It was the first thing she ever told them. It was also the first lie.
She was hardly alone in this regard.
"I'm Qrow. I'm just happy to see that someone else in the no-semblance club managed to crash this party."
"I'm Raven. My semblance connects me to my brother. That's all."
In the end, only Taiyang was honest with his new teammates. This would prove to be a pattern. Team STRQ was a temple built on a foundation of lies.
It was Raven who started to pick up on the truth first.
It would be. Taiyang, for all his uncanny insight into the emotions and hurts of his teammates, didn't have the necessary cynicism. He believed too quickly and too completely. Qrow should have known better; he had the instincts and his training from the tribe. His problem was he wanted to believe.

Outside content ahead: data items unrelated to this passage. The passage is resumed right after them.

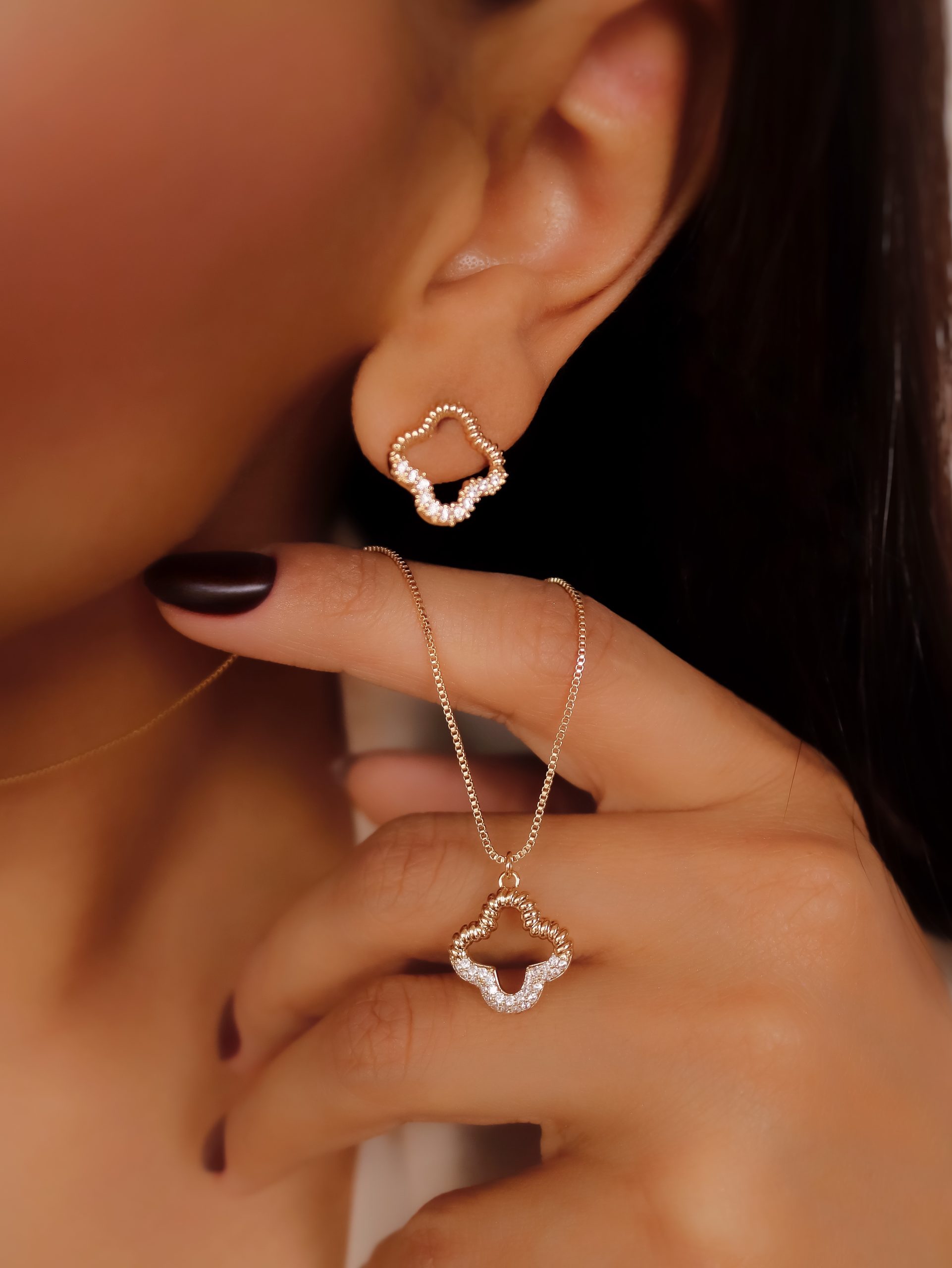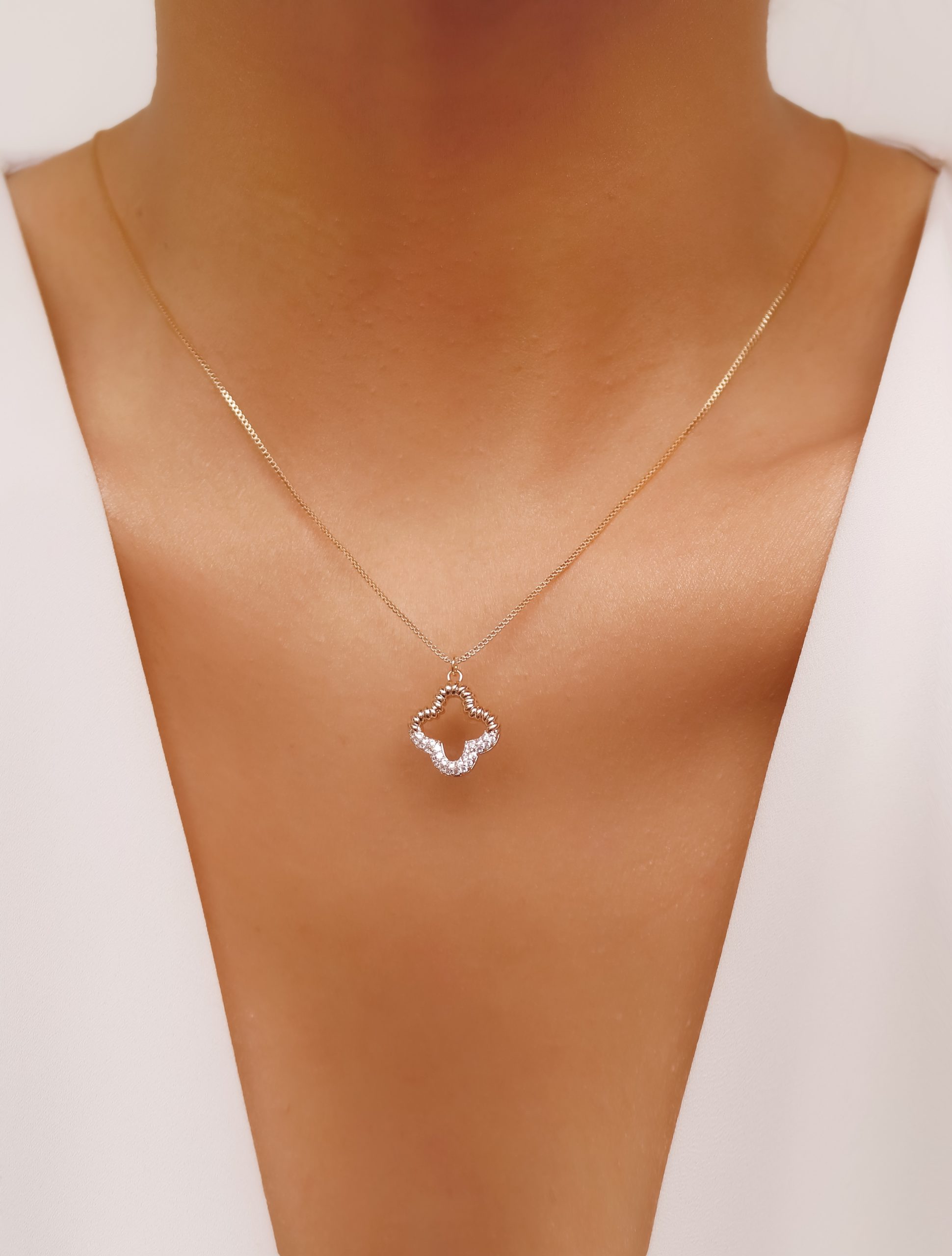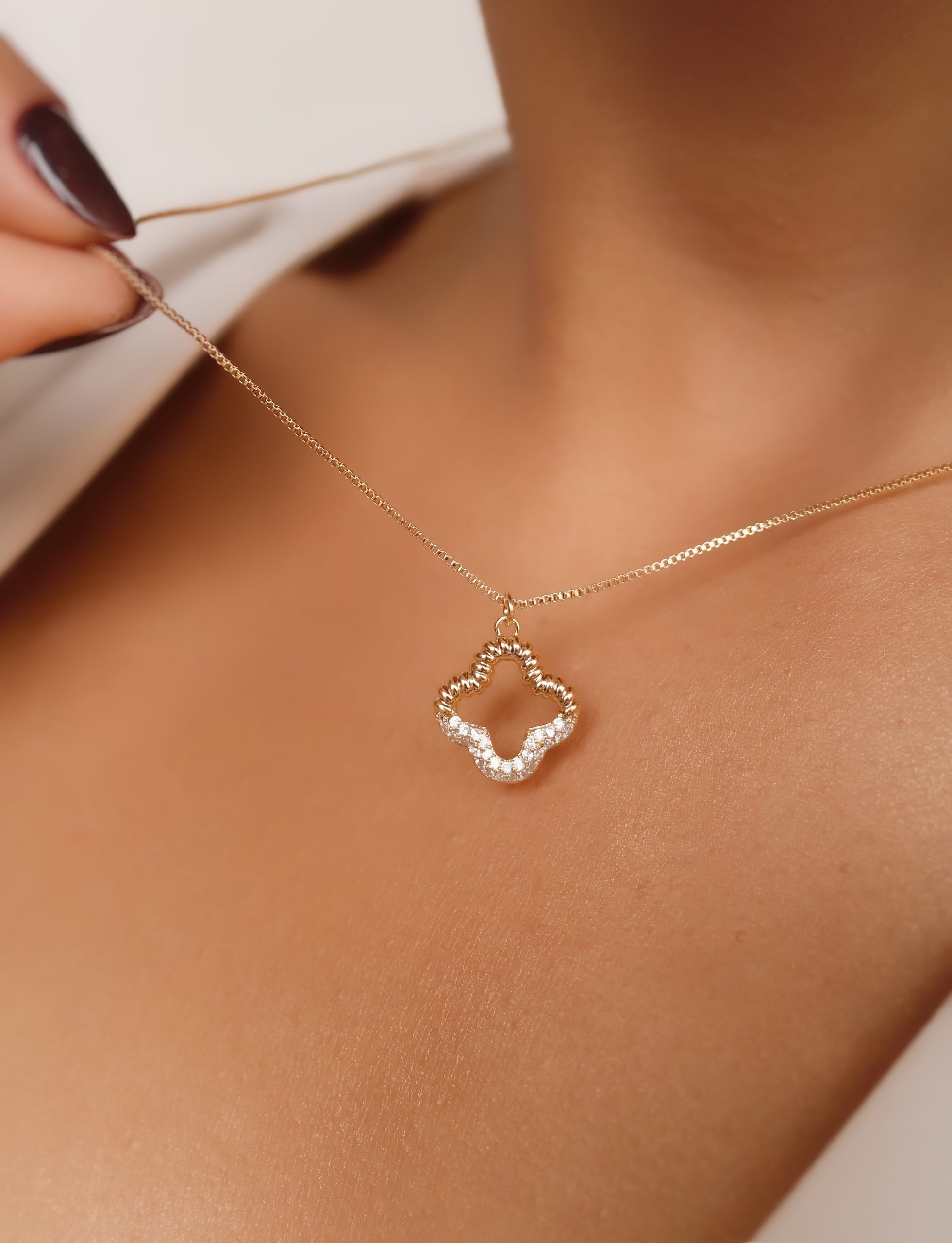 GARGANTILHA ZIRCONIA TREVO TODO CRAVEJADO E VAZADO NAS LATERAIS 40 CM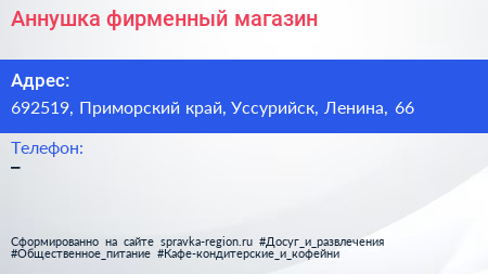 Аннушка, фирменный магазин по адресу 692519, Приморский край, Уссурийск, Ленина, 66 в дальнейшем Организация, размещена в следующих категориях: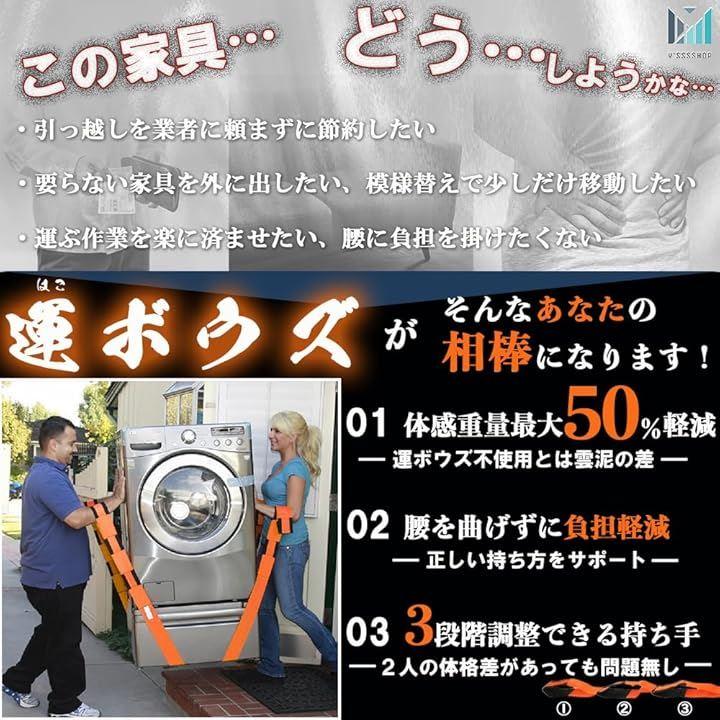 あなたの運びたい。をラクに叶える2人用ハンドストラップ型運搬ベルト重くて持ちにくい物を運ぶために2人で使用します。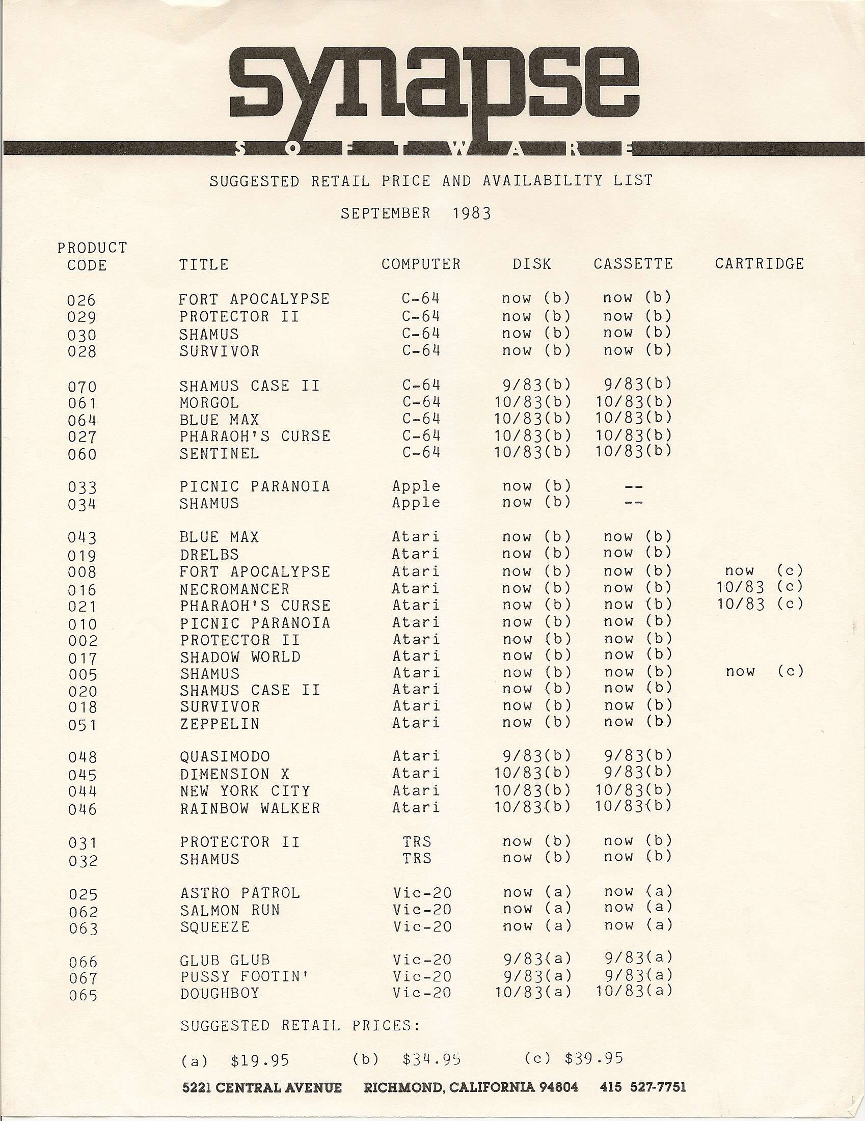 Synapse Software; Suggested Retail Price and Availability List (Sept. 1983)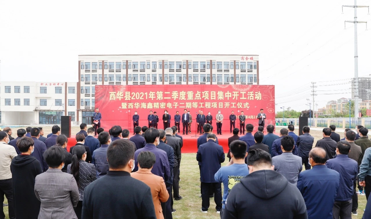 为巩固西华县经济持续向好态势,推动全县重点项目早开工快建设,按照全市统一部署,4月28日上午,西华县2021年第二季度重点项目集中开工暨西华海信精密电子二期等工程项目开工仪式在西华经开区举行。西华县委书记林鸿嘉下达开工令,县委副书记郭峰主持开工活动。县领导周晓燕、郭峰(县政协主席)、陈秉生、李海涛、张晓伟、刘贡献及海鑫精密工业有限公司董事长柳中义出席开工仪式。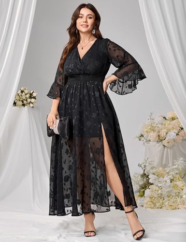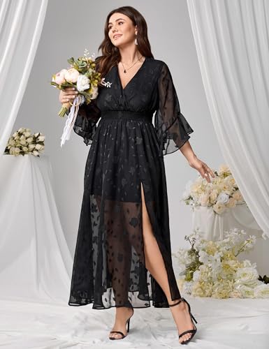 More information about Wedding Guest Dress Plus Size Ruffle Bell Sleeve V Neck A Line Flowy Empire Waist Maxi Dresses with Slit

He wanted to trust, wanted this to be his new surrogate family—even though he had a family, idiot brother!—and so chose stupidity.
Raven didn't have those problems, and she was used to wearing masks. She alone recognized when someone else was wearing one.
She had some help on that topic.
"The staff is under the impression you're planning a mutiny," said Professor Ozpin. "We're still in your first semester. That would be close to the record."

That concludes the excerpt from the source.